▶ EXERCISE GOAL
The result should be an exact copy of every record, with no pictures kept.

▶ Excerpts from a dataset
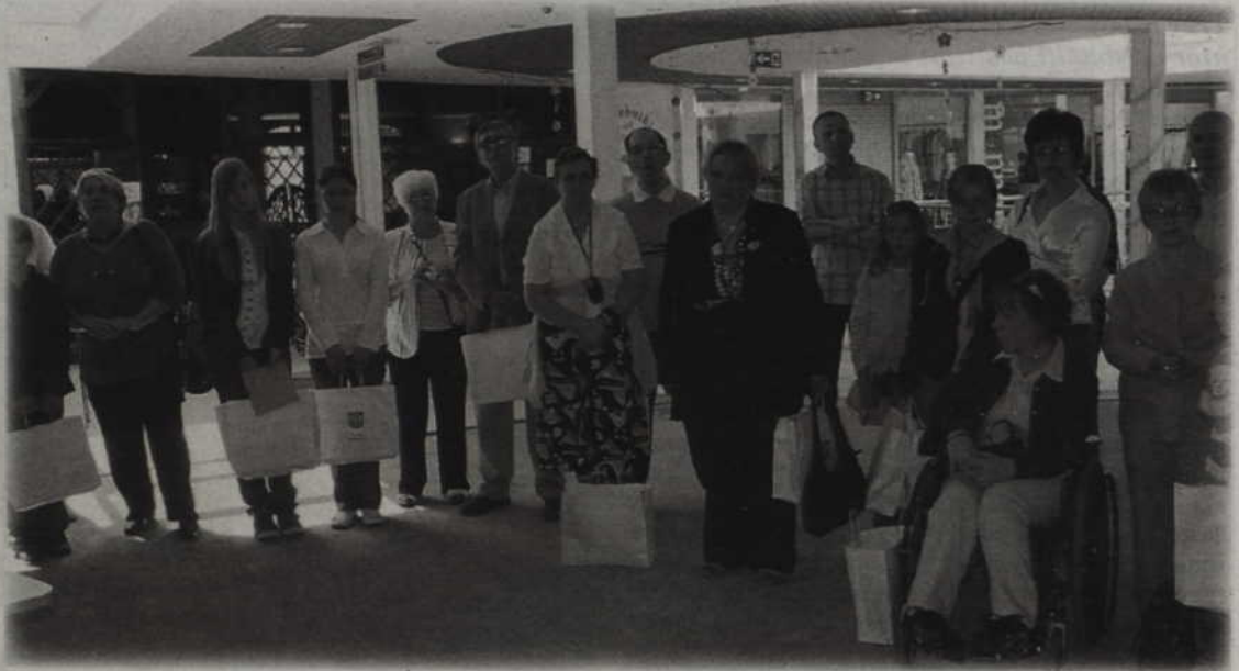
Prace, które znalazły się w albumie „Powiat oczami mieszkańców”, można oglądać w Galerii Handlowej „Kopernik”.
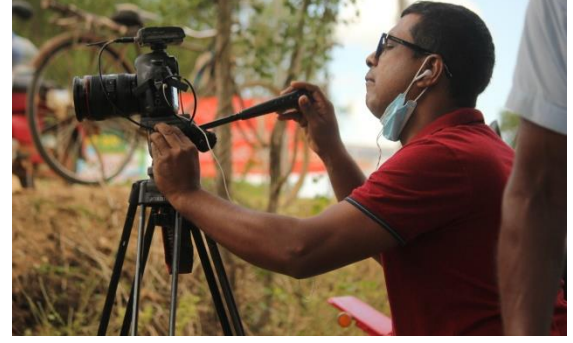
பெருந்தொற்றின் போது ஊடகம்

தொற்று ஏற்பட்டவர்கள் தொடர்பாகவும் ஏனையவர்களுக்கு தொற்று ஏற்படுத்தாதவர்கள் தொடர்பாகவும் தொற்று ஏற்படாதவர்கள் தொடர்பாகவும் அதிகமான வதந்திகள் உலாவந்தன.
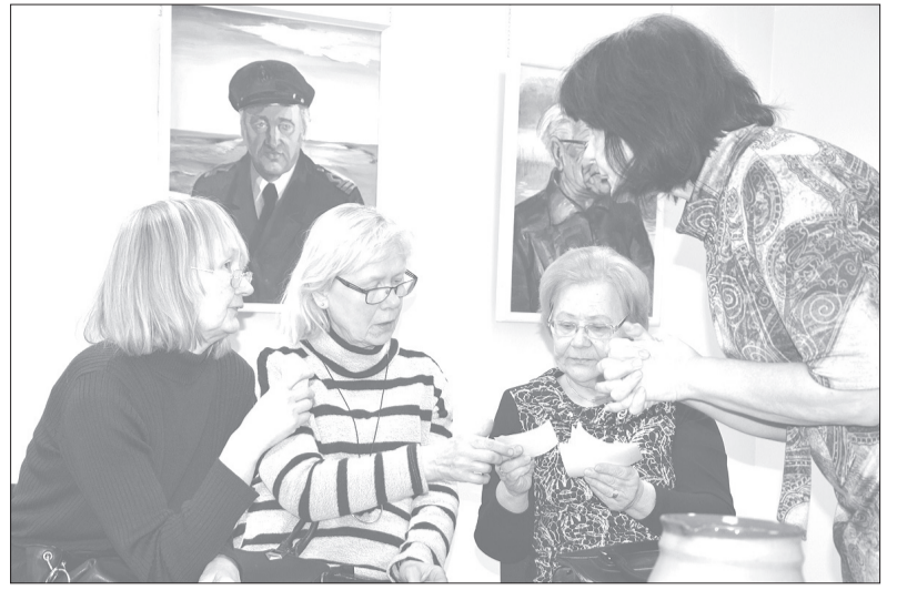
Lielu interesi izraisīja līdzīgas fotogrāfijas, kurās katrs no klātesošajiem atpazīna kādu savējo.
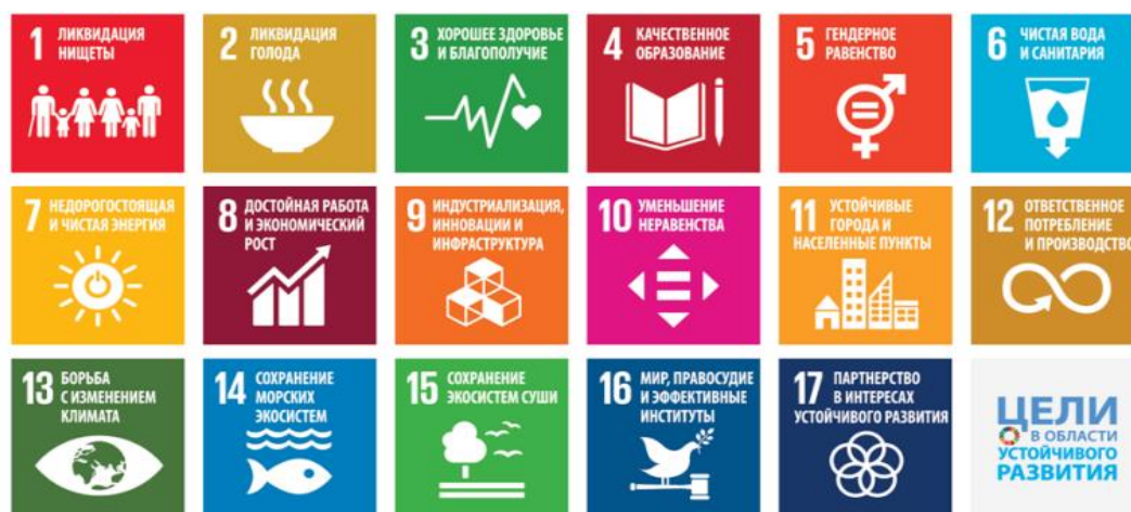
Рис. 2. Система целей в области устойчивого развития ООН

При этом указанные выше ESG-факторы сочетаются с целями устойчивого развития ООН, графическая интерпретация которых представлена на рисунке 2.

▶ EXERCISE RESULT
Prace, które znalazły się w albumie „Powiat oczami mieszkańców”, można oglądać w Galerii Handlowej „Kopernik”.
பெருந்தொற்றின் போது ஊடகம்

தொற்று ஏற்பட்டவர்கள் தொடர்பாகவும் ஏனையவர்களுக்கு தொற்று ஏற்படுத்தாதவர்கள் தொடர்பாகவும் தொற்று ஏற்படாதவர்கள் தொடர்பாகவும் அதிகமான வதந்திகள் உலாவந்தன.
Lielu interesi izraisīja līdzīgas fotogrāfijas, kurās katrs no klātesošajiem atpazīna kādu savējo.
Рис. 2. Система целей в области устойчивого развития ООН

При этом указанные выше ESG-факторы сочетаются с целями устойчивого развития ООН, графическая интерпретация которых представлена на рисунке 2.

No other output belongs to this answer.